Was wusste Scholz? Vizekanzler weist Mitschuld am Wirecard-Skandal zurück

Bundesfinanzminister Olaf Scholz musste gestern den Abgeordneten im Wirecard-Untersuchungsausschuss Rede und Antwort stehen. Das Unternehmen soll jahrelang seine Bilanzen gefälscht haben, ohne dass Kontrollbehörden einschritten. Für die Union steht bereits fest, dass der SPD-Kanzlerkandidat Verantwortung übernehmen muss. Vor der Befragung von Scholz und Bundeskanzlerin Angela Merkel hat die Schutzgemeinschaft der Kapitalanleger (SdK) vor überzogenen Erwartungen gewarnt.
Titelbild
Bundesfinanzminister Olaf Scholz wird heute im Wirecard-Untersuchungsausschuss befragt.Foto: Maja Hitij/Getty Images
Epoch Times23. April 2021

Vor dem Wirecard-Untersuchungsausschuss im Bundestag hat Finanzminister Olaf Scholz (SPD) jegliche Schuld am Bilanzskandal des Zahlungsdienstleisters zurückgewiesen.

Auslöser des Skandals seien „schwere kriminelle Handlungen“ bei Wirecard gewesen, sagte Scholz. Die ihm unterstehende Finanzaufsicht Bafin, habe „im Rahmen ihrer gesetzlichen Möglichkeiten“ gehandelt – das Aufsichts- und Kontrollgefüge sei für einen solchen kriminellen Angriff nicht gerüstet gewesen.

Am heutigen Freitag steht die Zeugenanhörung von Bundeskanzlerin Angela Merkel (CDU) auf der Tagesordnung. Zuvor mussten in dieser Woche bereits weitere Mitglieder der Bundesregierung aussagen.

Scholz weist Mitschuld zurück

Die Bafin steht besonders in der Kritik. Der Linken-Abgeordnete Fabio de Masi sagte, die im Wirecard-Skandal geschädigten Anleger hätten einen Anspruch darauf, „dass die Politik antwortet, wer hier gepennt hat“. Die Bafin habe nur „fünf Personen mit Wirtschaftsprüferexamen – das ist natürlich kein Zustand, wenn man eine hoheitliche Finanzkontrolle will“.

Der Grünen-Abgeordnete Danyal Bayaz sagte, Scholz habe „direkte Verantwortung für das, was in der Finanzaufsicht und im Finanzplatz Deutschland passiert“. Es gebe „bis heute keine wirkliche Fehlerkultur im Bundesfinanzministerium“.

Der SPD-Abgeordnete Jens Zimmermann nahm Scholz in Schutz. Dass er „von Anfang an in den Fokus gerückt wurde“, habe auch etwas damit zu tun, dass er Kanzlerkandidat der SPD sei. Er habe „Tatkraft“ gezeigt, wenn es um die Lehren aus dem Skandal gehe.

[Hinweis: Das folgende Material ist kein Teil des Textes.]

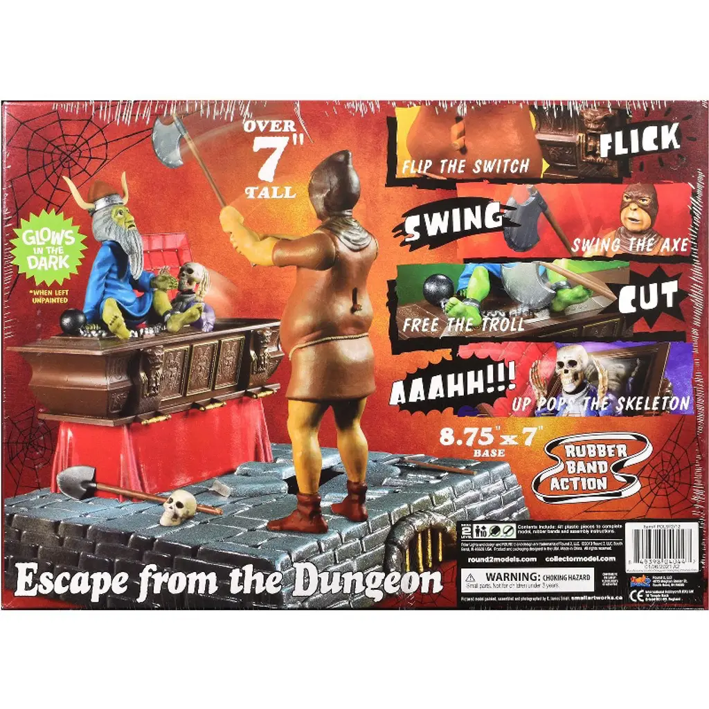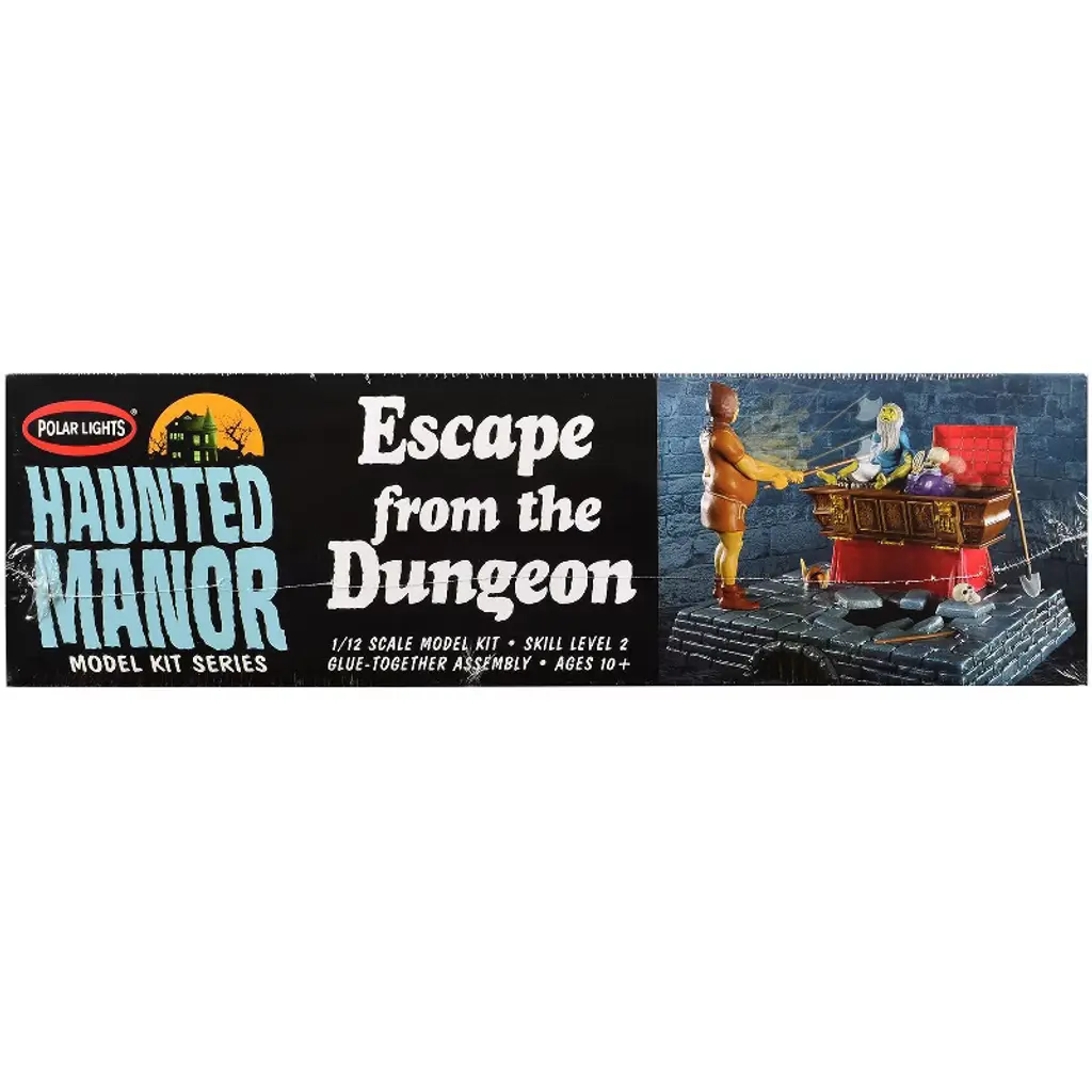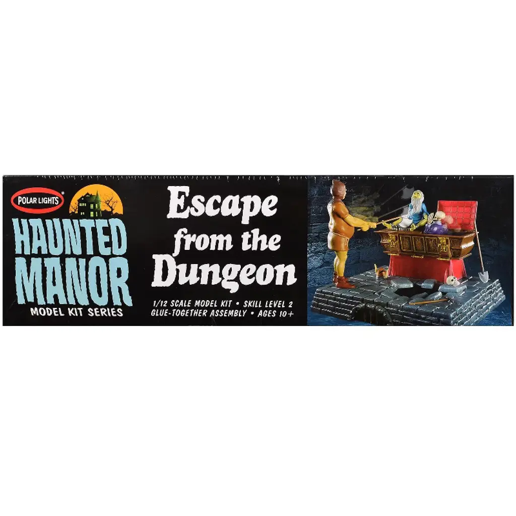 Brand new plastic model kit of Haunted Manor "Escape from the Dungeon" Diorama Set (Skill 2) 1/12 plastic model kit by Polar Lights. Brand new box. Rubber band action. Glue-together assembly. Vintage style packaging. Officially licensed product. Contains 43 detailed parts. Base measures at 8.75 by 7 inches. Glows in the dark when left unpainted. Assembled model stands at 7 inches tall. Paint and cement required (not included). Manufacturer's original unopened packaging. Parts molded in GLOW IN THE DARK PLASTIC, unless otherwise indicated.
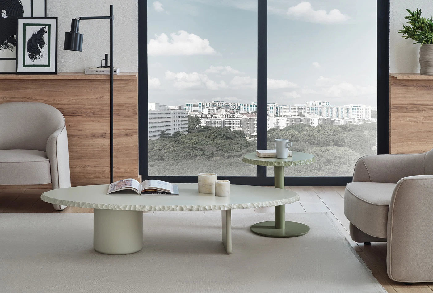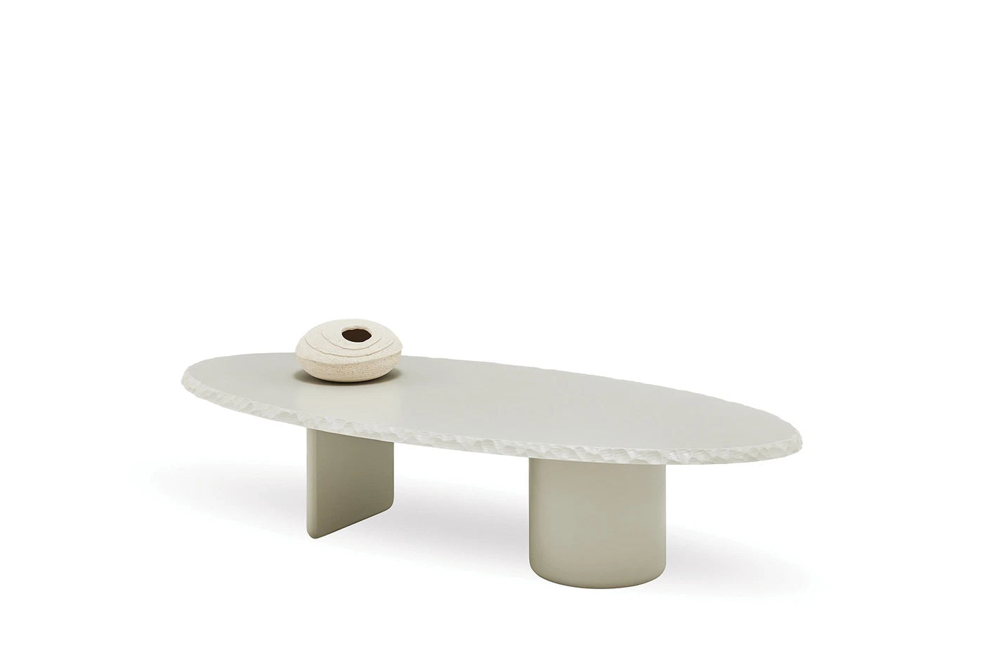 ALPHA SMOKING TABLE, which stands out with its modern design, combines the richness of the elliptical shape with light gray tones. With its contrasting leg design and CNC edge-cutting detail, it redefines elegance.
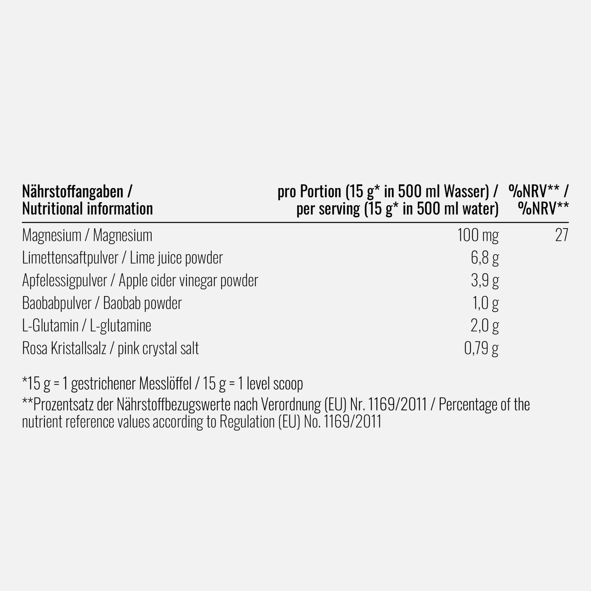 pro Portion (15 g* in 500 ml Wasser)/ per serving (15 g* in 500 ml water) |
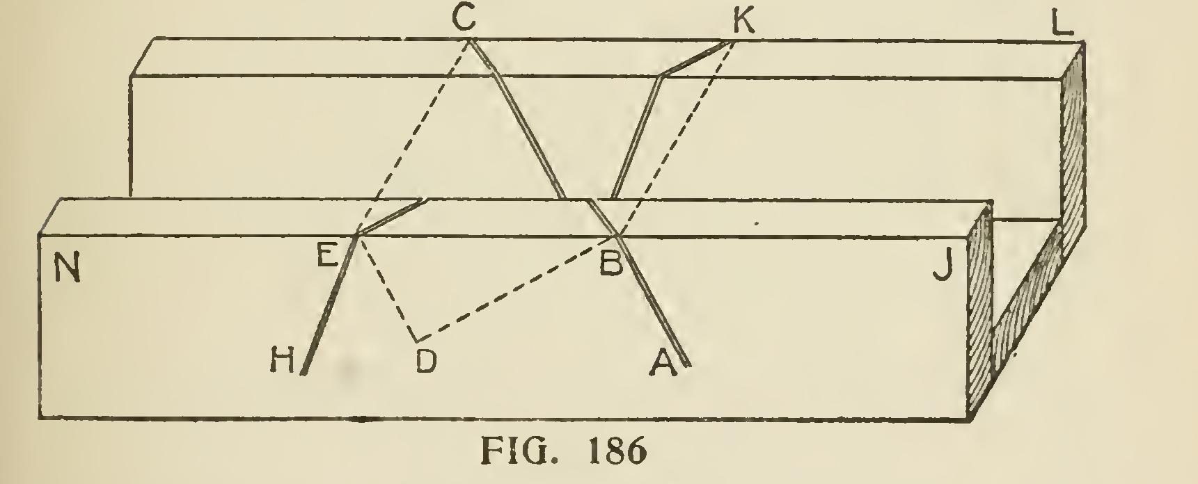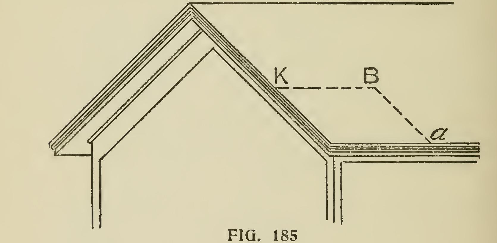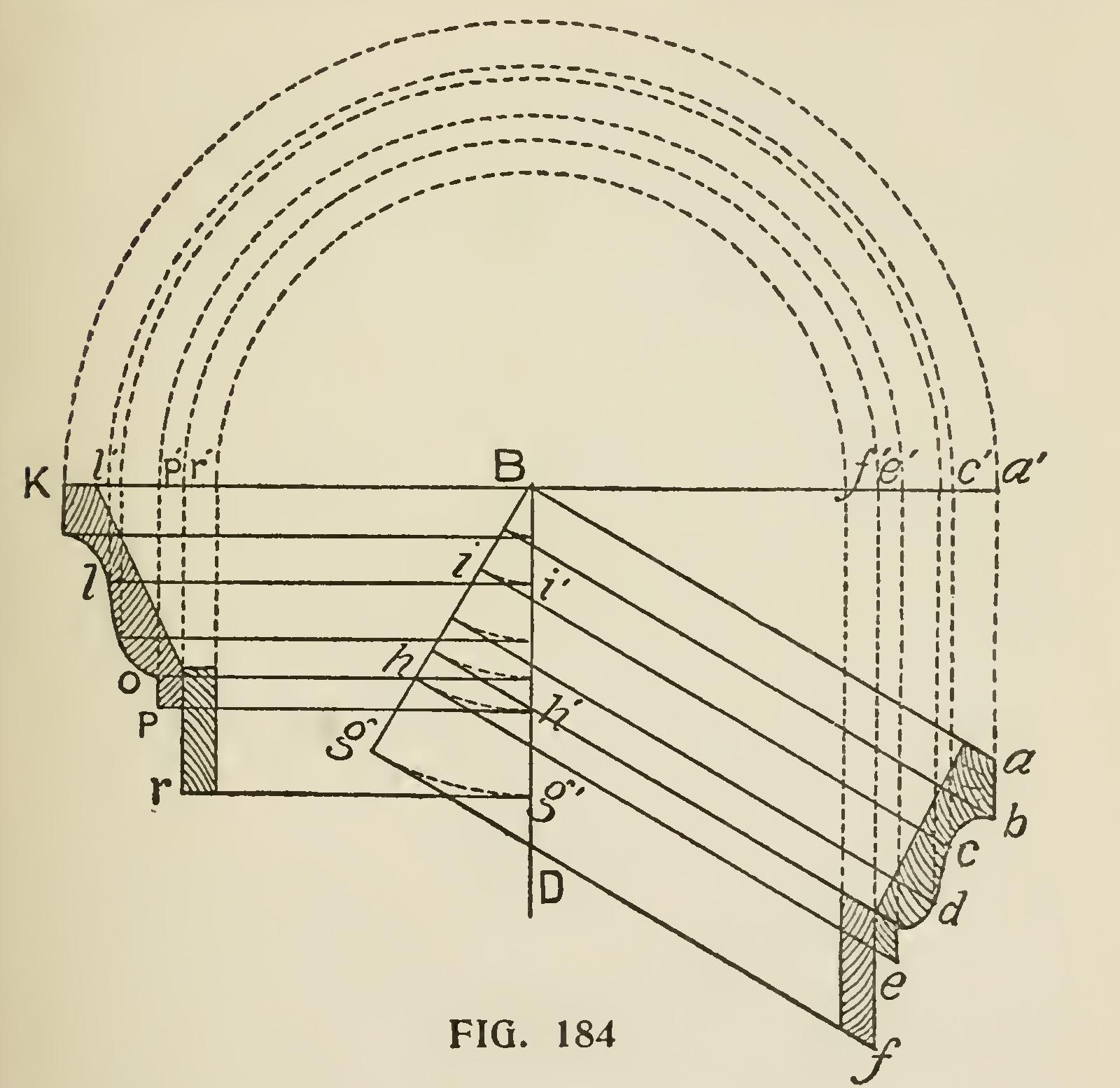The principles on which the method is based being, first, that similar points on the rake and horizontal parts of a cornice are equally distant from vertical planes represented by the walls of a building ; and, second, that such similar points are equally distant from the plane of the roof. Representing the wall faces of a building by the line DB (Fig 184), and a section of the horizontal cornice by DBabcdef Bab being the angle of the roof pitch, draw line aa', cc', ff', parallel to DB and intersecting the line ka', which is drawn at right angles to DB through the point B ; then, with B as a center, describe the arcs a'k, c'1', etc., intersecting the same line ka' on the opposite side of DB. This gives the point k at the same distance from DB as the points a and a', and the line 11' at the same distance as cc'. The rest of the same group of parallel lines are found to be similarly situated with respect to DB.
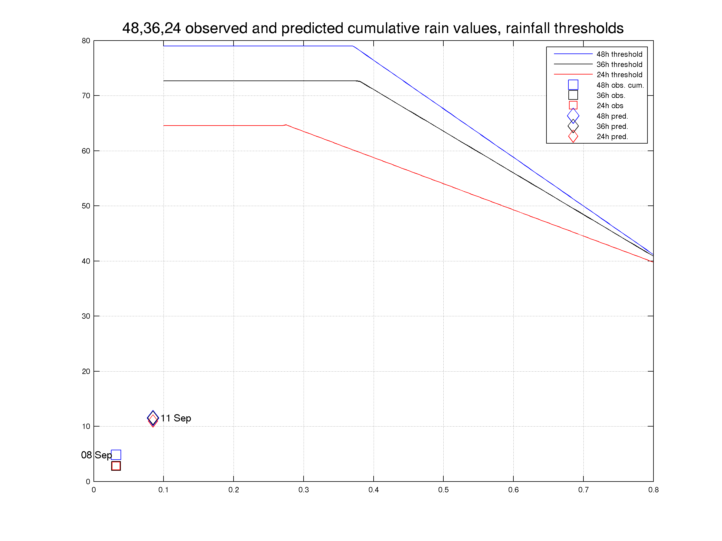I dati di pioggia cumulata sono attualmente calcolati per le tre maggiori durate delle 7 soglie pluviometriche di criticità ordinaria adottate dal CFD: 24h, 36h, 48h. I valori risultanti, osservati e previsti a 72ore, vengono confrontati con i corrispondenti valori delle soglie pluviometriche recentemente revisionati dal CFD e contenenti un fattore di correzione per l’indice di saturazione del suolo.
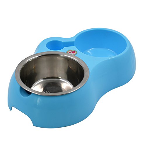 Product Description Water Food Pet Feeder Removable Stainless Steel Bowl with Automatic Water Feeder for Dogs Cats and Small Pets, Blue 0
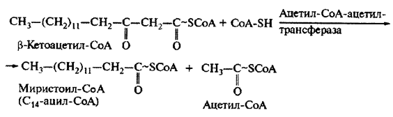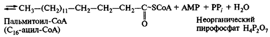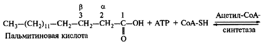 Образовавшиеся при гидролизе ТАГ под действием липаз свободные жирные кислоты находятся в цитоплазме. Так как мембрана митохондрий непроницаема для жирных кислот, они попадают в матрикс митохондрий после активирования (реакция 1) в виде СоА-эфиров в результате ряда ферментативных превращений под действием фермента карнитинацилтрансферазы.
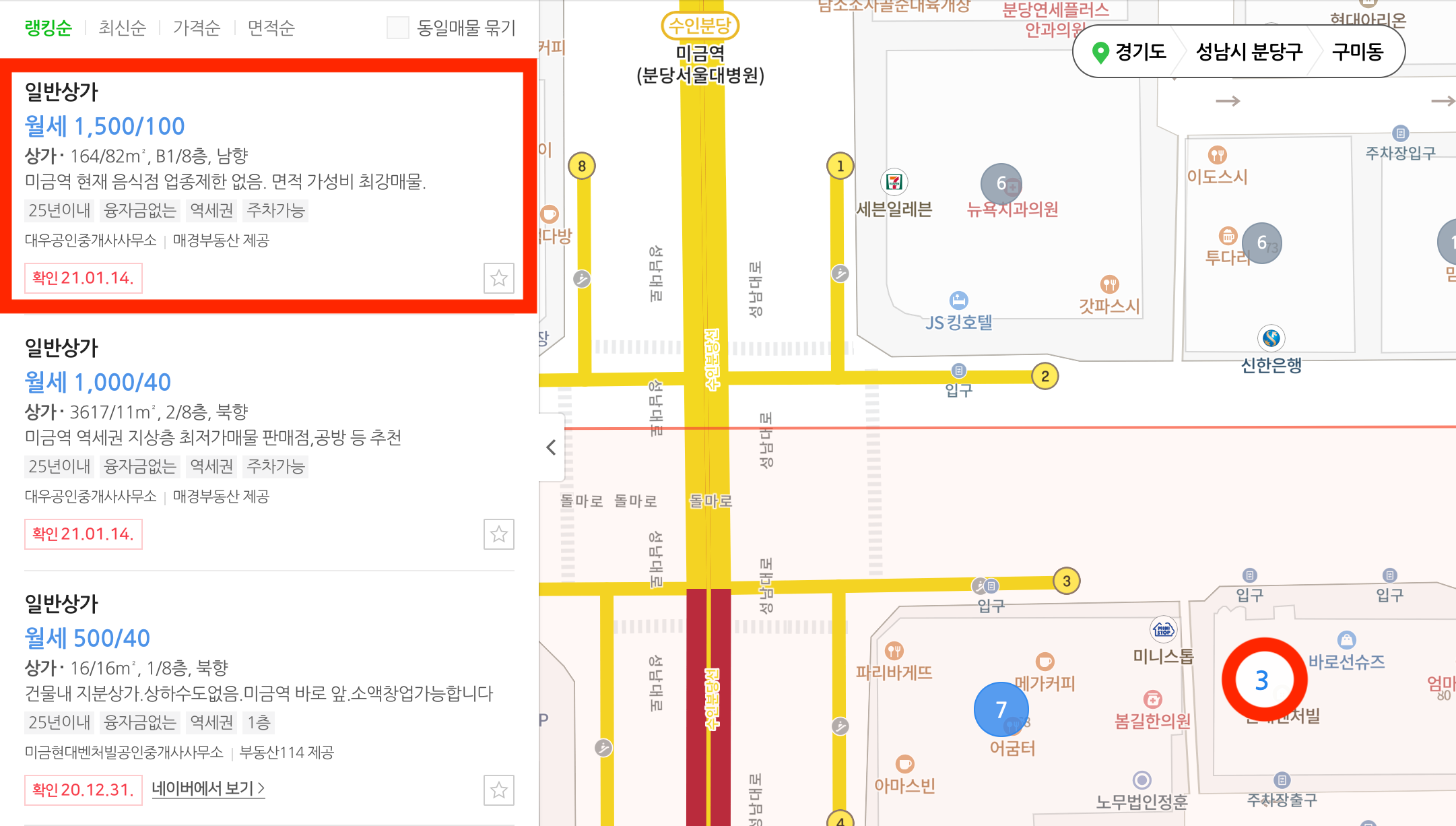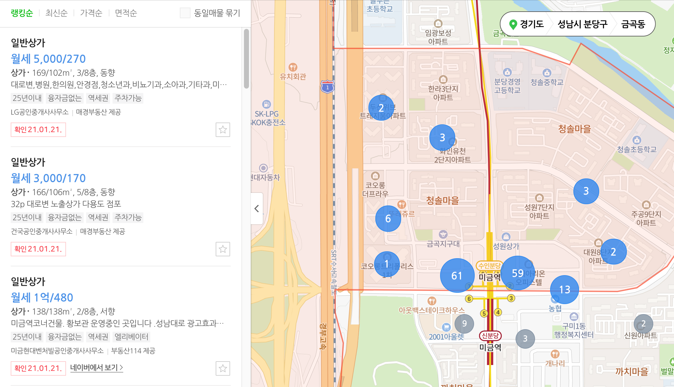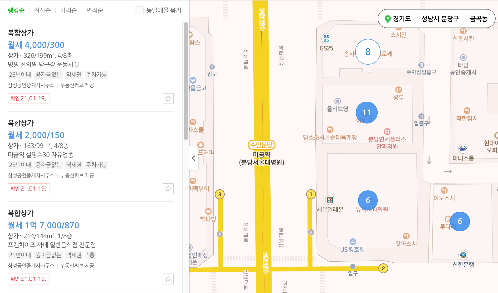 성남시 금곡동에서 상가를 확인했을때 가장 먼저 나오는 상가는 보증금 5000만 원에 월세 270만 원인 곳이다. 전용 102 제곱미터(30평)이고 계산을 해보면 8.6억으로 매매가를 산정할 수 있다. 두 번째 나오는 상가는 보증금 3000만 원에 월세 170이다. 전용 106 제곱미터(32평)이고 계산을 해보면 5.4억이다. 그리고 마지막으로 보증금 1억에 월세 480만 원인 상가는 41평이고 15.4억이다. 270만 원 / 30평을 해보면 평당 9만 원이고, 170만 원 / 32평을 해보면 5.3만 원이다. 시세를 들쑥날쑥해서 확인할 수 없으니 건물을 하나만 잡고 확인해 보겠다.
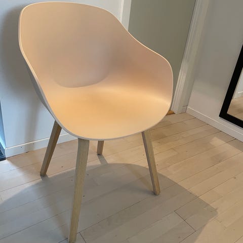 2 lækre hay a stole i model aac 23 fuldpolstret i lys nøbelstof stel i formspændt egetræ

Scholz betonte, die Bilanzprüfung habe bei Wirecard keine Unregelmäßigkeiten festgestellt. Seit 2018 habe es „immer wieder Hinweise auf Unregelmäßigkeiten“ bei Wirecard gegeben, und die Bafin habe im Frühjahr 2019 die Prüfung der Bilanz bei der Deutschen Prüfstelle für Rechnungslegung (DPR) in Auftrag gegeben. „Zu lange wurde den Wirtschaftsprüfern geglaubt.“

Den Vorwurf, die Bafin oder das Finanzministerium hätten eine schützende Hand über das Unternehmen gehalten, wies Scholz als „absurdes Märchen“ zurück. Auf die Frage, ob er persönliche Verantwortung trage, antwortete der Minister mit „nein“. Dies gelte auch für die Staatssekretäre, die „sehr gute Arbeit“ geleistet hätten.

Scholz richtete in seinem Statement vor dem Ausschuss den Blick nach vorn und appellierte an die Abgeordneten, das von ihm vorgelegte Gesetz zur Finanzmarktintegrität zu verabschieden. Die Bafin soll völlig umstrukturiert werden, ihre Kompetenzen erheblich ausgeweitet. Den Chef der Behörde hat Scholz bereits ausgetauscht. „Wir müssen dafür sorgen, dass sich so etwas nicht wiederholt“, betonte Scholz.

Durch Skandal Milliardenschaden für viele Kleinanleger

Wirecard hatte Ende Juni 2020 Insolvenz angemeldet und soll jahrelang die Bilanzen gefälscht haben. Der Untersuchungsausschuss soll die Vorkommnisse rund um den Münchner Zahlungsdienstleister aufarbeiten und insbesondere das Vorgehen der Bundesregierung und der ihr unterstehenden Behörden unter die Lupe nehmen.

Im Zentrum steht die Frage der politischen Verantwortung für den Bilanzskandal mit Milliardenschaden für viele Kleinanleger. Scholz‘ Ministerium ist zuständig für die Finanzaufsicht Bafin, der schwere Fehler vorgeworfen werden.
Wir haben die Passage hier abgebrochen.